Aim of the task: With pictures removed, the data below should be returned exactly.

Given information:
|---|
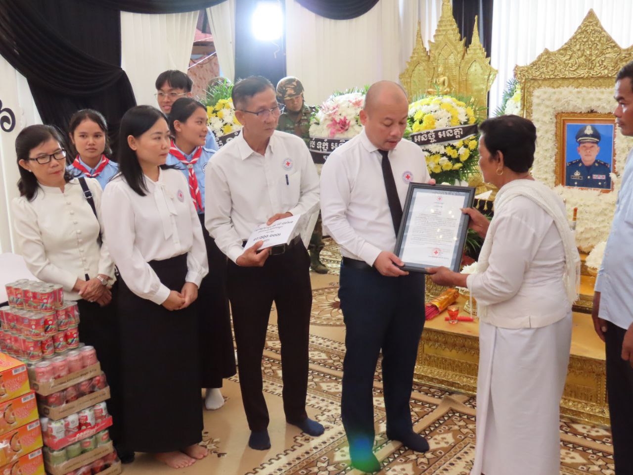 ក្នុងឱកាសដ៏ក្រៀមក្រំនោះដែរ ឯកឧត្តមប្រធានក្រុមប្រឹក្សាខេត្តបាននាំមកនូវសាររំលែកមរណៈទុក្ខព្រមទាំងបច្ច័យចូលបុណ្យចំនួន៥លានរៀល ជូនដល់ក្រុមគ្រួសារនៃសពលោកឧត្តមសេនីយ៍ត្រី ស្រី ធឿន ផងដែរ។
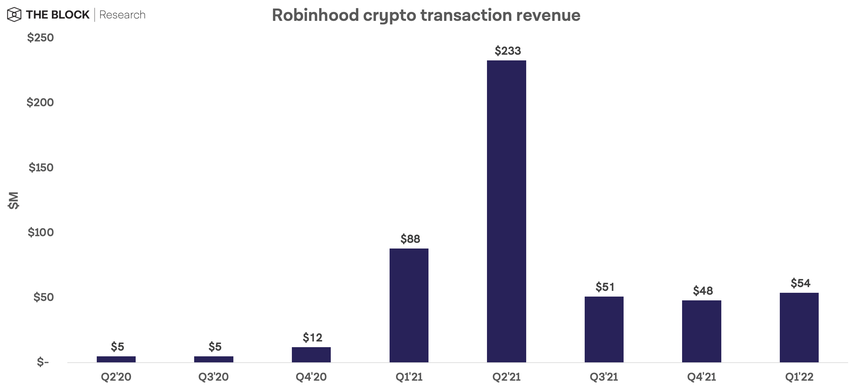 แม้ว่ารายรับของบริษัทจะอยู่ในช่วงขาลง แต่รายรับที่ได้จาก Crypto ของ Robinhood ยังคงเพิ่มขึ้นจากไตรมาสที่แล้ว โดยเพิ่มขึ้นเกือบ 13% จาก 48 ล้านดอลลาร์ในไตรมาสที่ 4 ปี 2021 เพิ่มเป็น 54 ล้านดอลลาร์ในไตรมาสที่ 1 ปี 2022
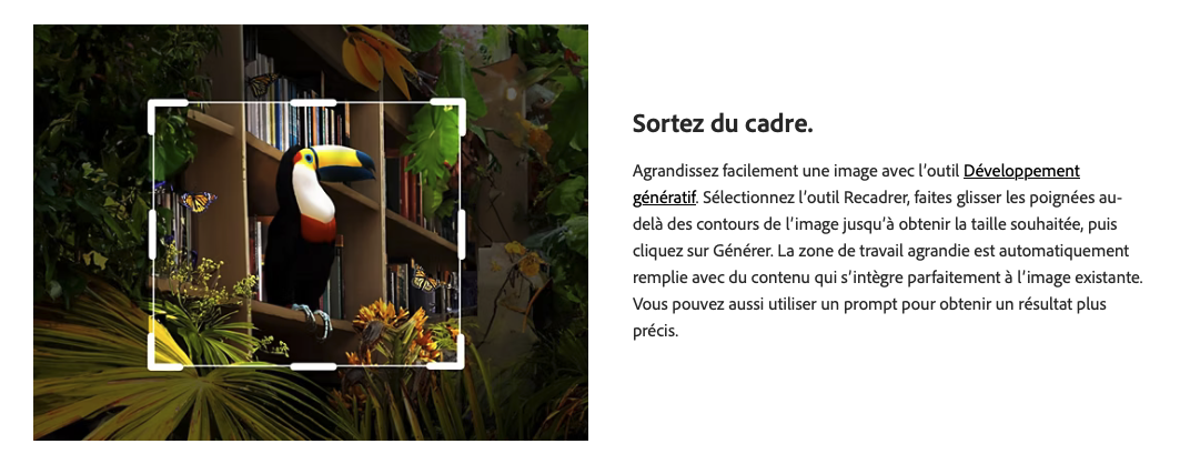 Le gros avantage de l’IA, c’est son gain de temps. Tous les grands logiciels de retouche photo comme Photoshop intègrent aujourd'hui de l’IA. Cela permet de corriger des erreurs, de retoucher les photos avec beaucoup plus de facilité et de gagner un temps non négligeable. Voire de compléter la photo avec l’IA générative, comme ci-dessous :
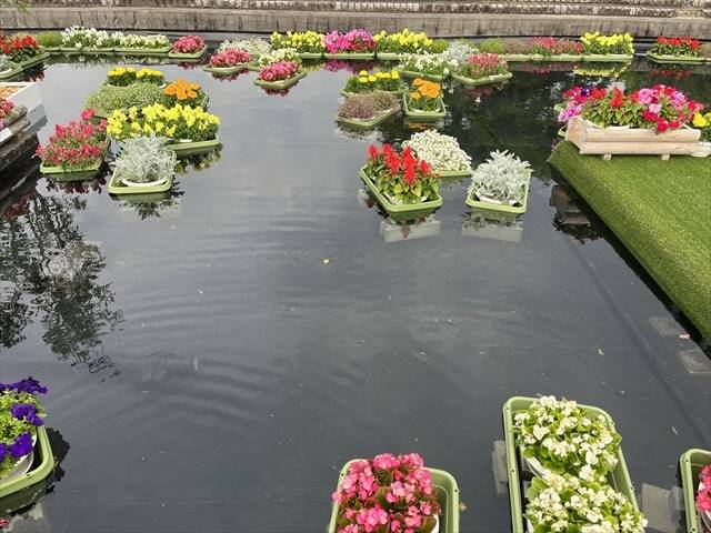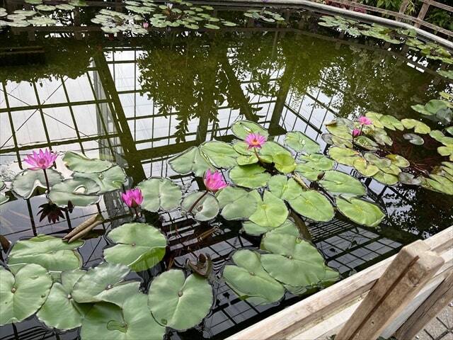 観賞温室の中には池があり、ハスが咲いていましたが、池の中にはメダカが飼われていました。
|---|
Output for this exercise:
 ក្នុងឱកាសដ៏ក្រៀមក្រំនោះដែរ ឯកឧត្តមប្រធានក្រុមប្រឹក្សាខេត្តបាននាំមកនូវសាររំលែកមរណៈទុក្ខព្រមទាំងបច្ច័យចូលបុណ្យចំនួន៥លានរៀល ជូនដល់ក្រុមគ្រួសារនៃសពលោកឧត្តមសេនីយ៍ត្រី ស្រី ធឿន ផងដែរ។
 แม้ว่ารายรับของบริษัทจะอยู่ในช่วงขาลง แต่รายรับที่ได้จาก Crypto ของ Robinhood ยังคงเพิ่มขึ้นจากไตรมาสที่แล้ว โดยเพิ่มขึ้นเกือบ 13% จาก 48 ล้านดอลลาร์ในไตรมาสที่ 4 ปี 2021 เพิ่มเป็น 54 ล้านดอลลาร์ในไตรมาสที่ 1 ปี 2022
 Le gros avantage de l’IA, c’est son gain de temps. Tous les grands logiciels de retouche photo comme Photoshop intègrent aujourd'hui de l’IA. Cela permet de corriger des erreurs, de retoucher les photos avec beaucoup plus de facilité et de gagner un temps non négligeable. Voire de compléter la photo avec l’IA générative, comme ci-dessous :
 観賞温室の中には池があり、ハスが咲いていましたが、池の中にはメダカが飼われていました。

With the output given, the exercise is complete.